Date & Time
May 30, 2024, noon - May 30, 2024, 1 p.m.
Cost
$0
Location
Columbia Innovation Hub - Tang Family Hall
2276 12th Avenue Room 202
New York, NY
May 30, 2024, noon - May 30, 2024, 1 p.m.
$0
Columbia Innovation Hub - Tang Family Hall
2276 12th Avenue Room 202
New York, NY
Projecting Changes in the Drivers of Compound Flooding in Europe Using CMIP6 Models
Speaker: Julius Busecke + Tim Hermans
Date: May 30, 2024
Time: 12:00 p.m.
Format: Hybrid
Virtual: Zoom link provided upon registration
In-person: Columbia Innovation Hub, 2276 12th Avenue, Second Floor, Room 202, New York, NY 10027
Please note that in-person space is limited.
Abstract:
When different flooding drivers co-occur, they can cause compound floods. Despite the potential impact of compound flooding, few studies have projected how the joint probability of flooding drivers may change. Furthermore, existing projections are based on only 5 to 6 climate model simulations because flooding drivers such as storm surges and river run-off need to be simulated offline using computationally expensive hydrodynamic and hydrological models. Here, we use a large ensemble of simulations from the Coupled Model Intercomparison Project 6 (CMIP6) to project changes in the joint probability of extreme storm surges and precipitation in Europe, enabled by data-proximate cloud computing on the LEAP-Pangeo JupyterHub. To compute storm surges for so many simulations, we apply a statistical storm surge model trained with tide gauge observations and atmospheric forcing from the ERA5 reanalysis. In this seminar, Tim Hermans (Utrecht University) & Julius Busecke (Columbia University) will present these projections, including an in-depth discussion of the statistical methods and full-cloud CMIP6 workflow that were used to develop them.
Bios:
Tim Hermans is a postdoctoral researcher at Utrecht University, The Netherlands. Tim got his PhD degree at the Dutch Royal Institute for Sea Research where he studied sea-level change using global climate model simulations and regional ocean model experiments. During his PhD, he also worked as a Chapter Scientist of the IPCC AR6 WG1 to co-develop the global, regional and extreme sea-level projections of Chapter 9. At Utrecht University, he now studies extreme sea-levels and their compounding effects with other flooding drivers.

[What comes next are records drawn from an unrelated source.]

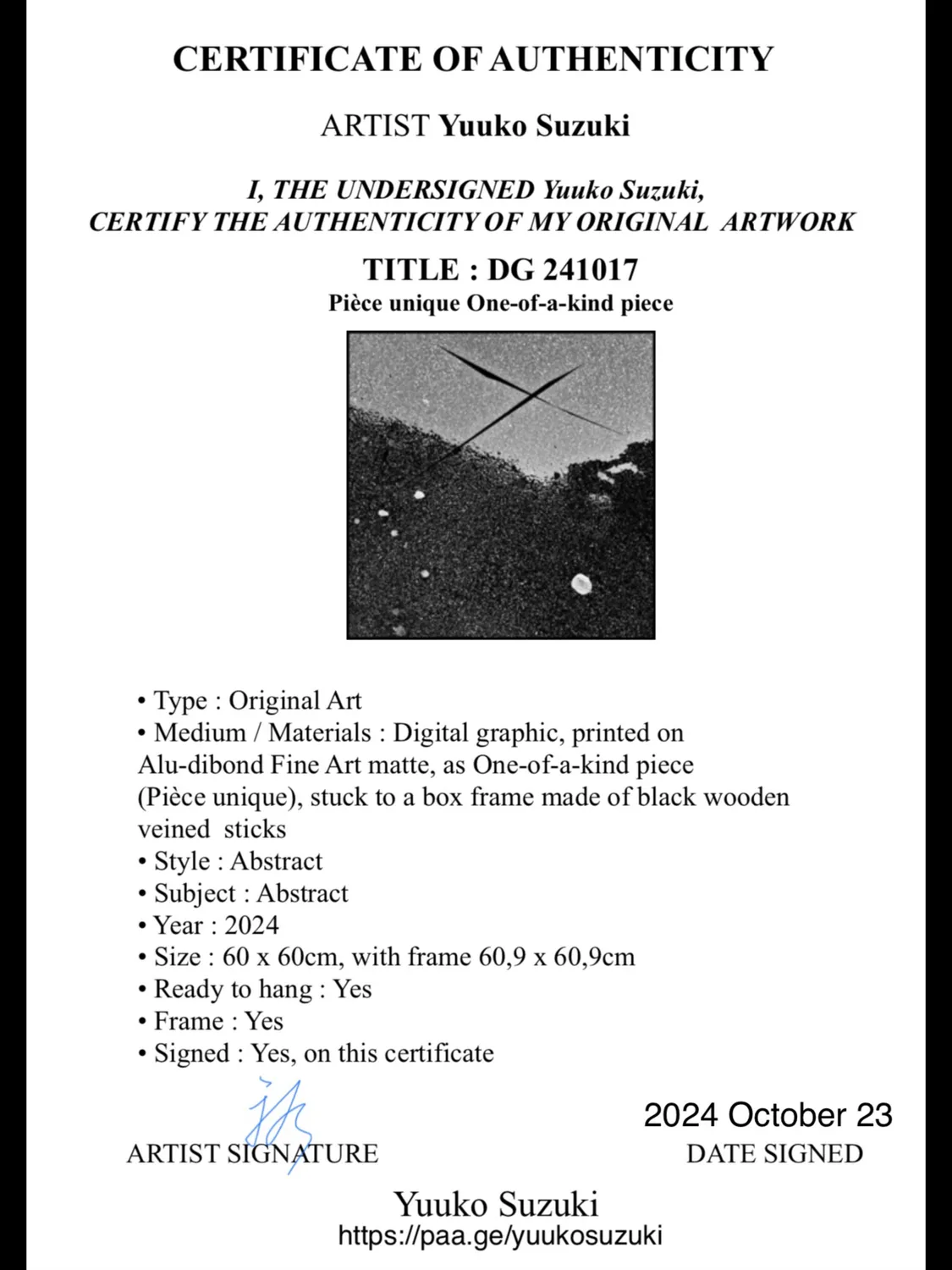 Digital graphic, printed on matt Alu-Dibond Fine Art, as a unique piece with certificate.
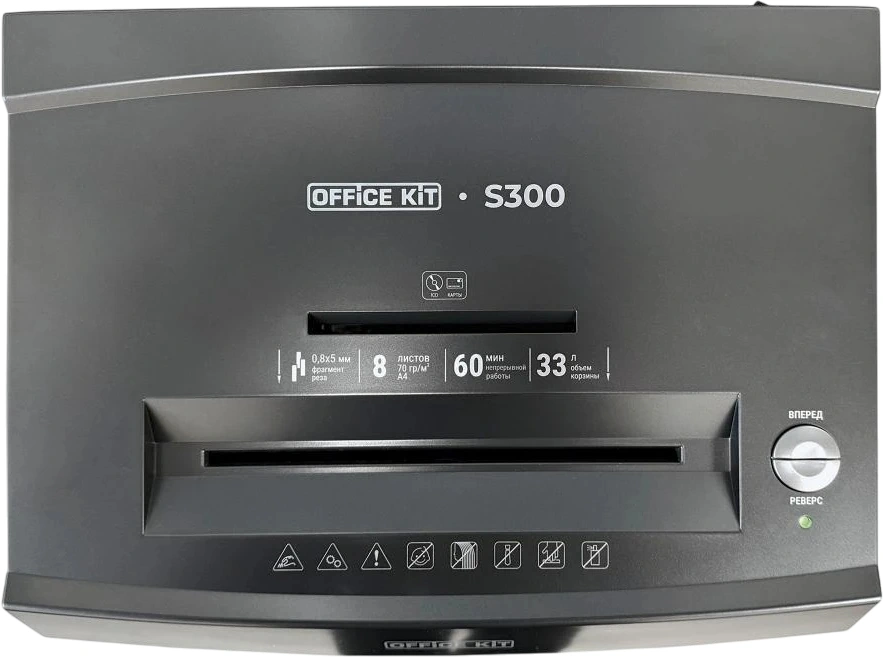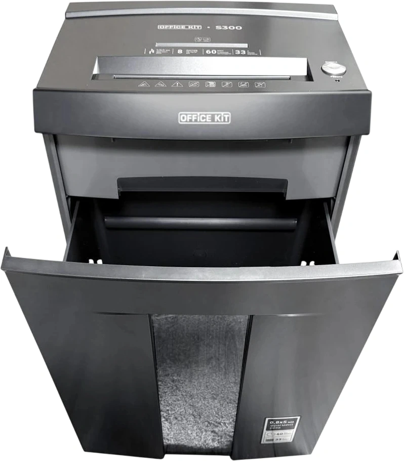Шредер Office Kit S300 0,8x5 черный (секр.P-7) фрагменты 8лист. 33лтр. пл.карты CD [OK0805S300]
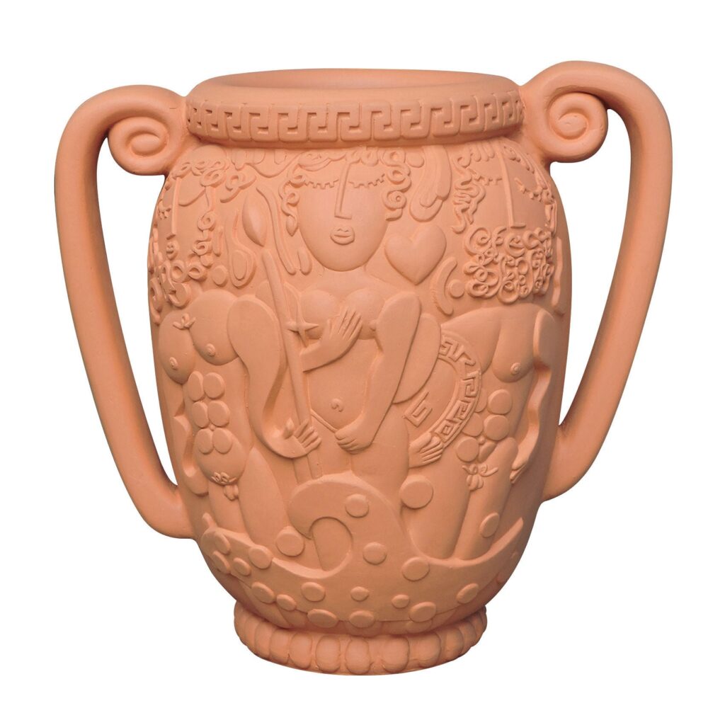 Decorative objects include the busts Man and Poppea, along with two large and sensual ‘bronzes’ inspired by the famous sculptures of Riace. Vases take the shape of male and female heads inspired by the ceramics of Caltagirone, while a cup and an ‘amphora’ jar show battle decorations and love scenes.
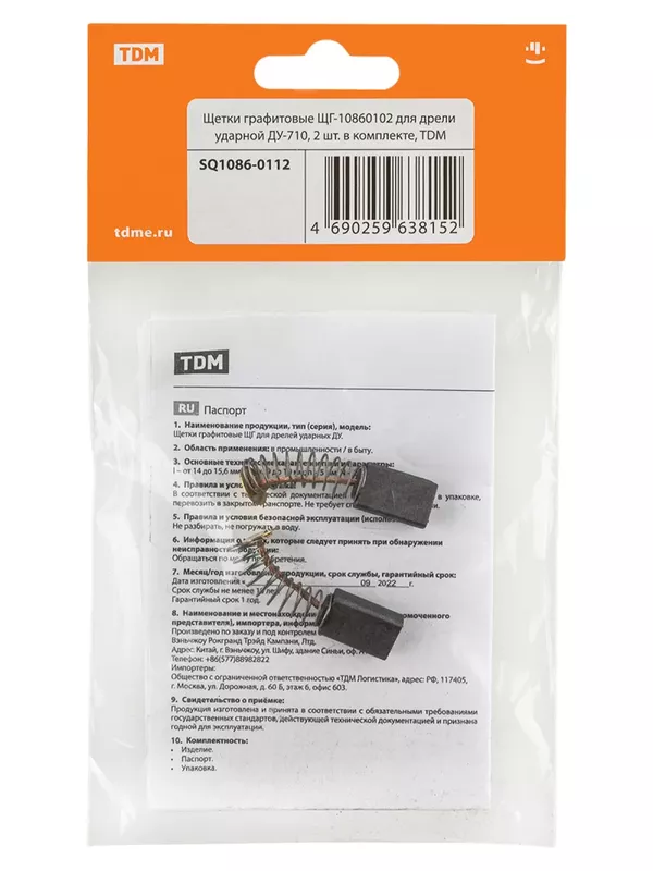 Щетки графитовые ЩГ-10860102 для дрели ударной ДУ-710, 2 шт. в комплекте, TDM
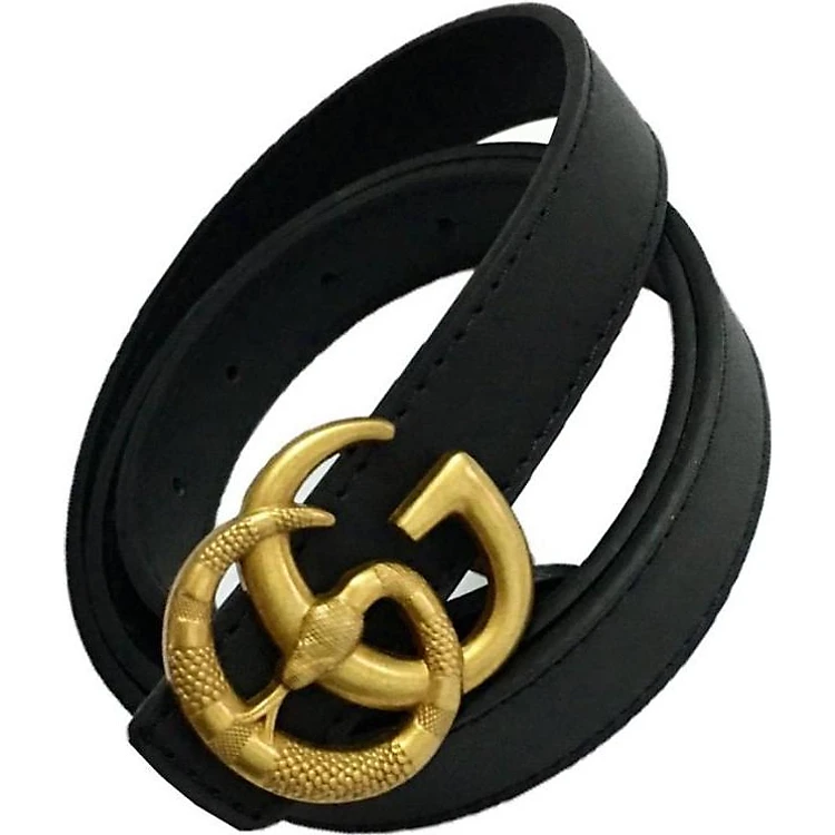Dây nịt nữ thời trang cao cấp mặt rắn mạ vàng độc đáo GG08 (dây đen)
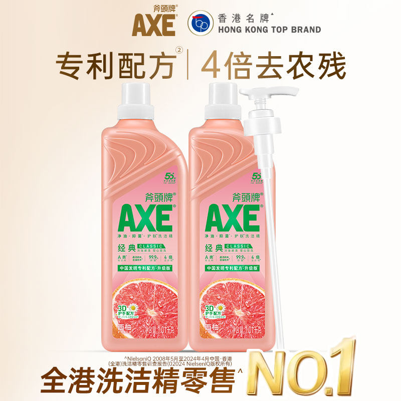 AXE斧头牌西柚洗洁精2瓶装食品去油污农残家用级官方旗舰店1.01kg
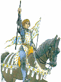ついでジャンヌは、シャルルをはげましてランスの町へ行き、大聖堂で盛大な戴冠式(初めて王冠をかぶる式)を成功させました。当時、ランス大聖堂で戴冠式を行わなければ正式なフランス王とは認められなかったからです。正式に国王シャルル7世となった王太子を見て、今までイギリス側についていた貴族達も次々シャルルの側につき始めました。  |
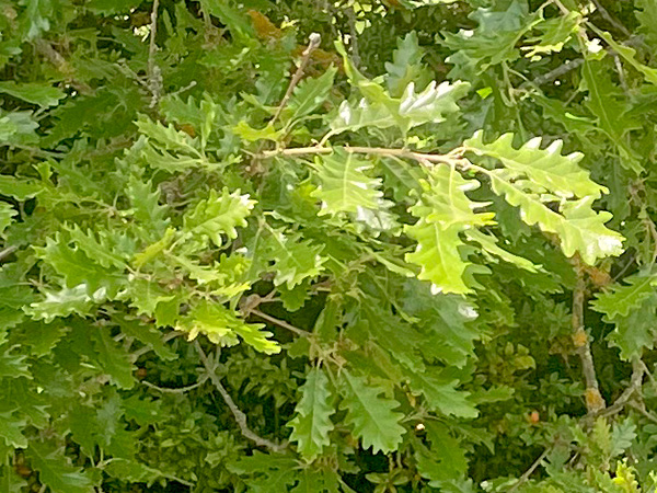 En estos comienzos comprobaremos la presencia de robles a ambos lados de la pista forestal. Podrás identificarlos fijándote en su hoja.
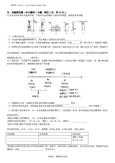转载请注明出处: 名校卷 » 2022-2023-1附中集团初三期末考试化学试卷(2月)

Julius Busecke is an Associate Research Scientist at the Lamont-Doherty Earth Observatory of Columbia University and the Manager for Data and Computing at LEAP. He is a physical oceanographer focusing on the role of ocean transport in various aspects of variability in the coupled earth system. He most recently investigated the fate of oxygen minimum zones in the Pacific ocean. He is an active contributor to the pangeo open source python software stack, and is actively developing tools and data repositories to rapidly analyze petabyte scale datasets like CMIP6 in a fully reproducible way in the cloud.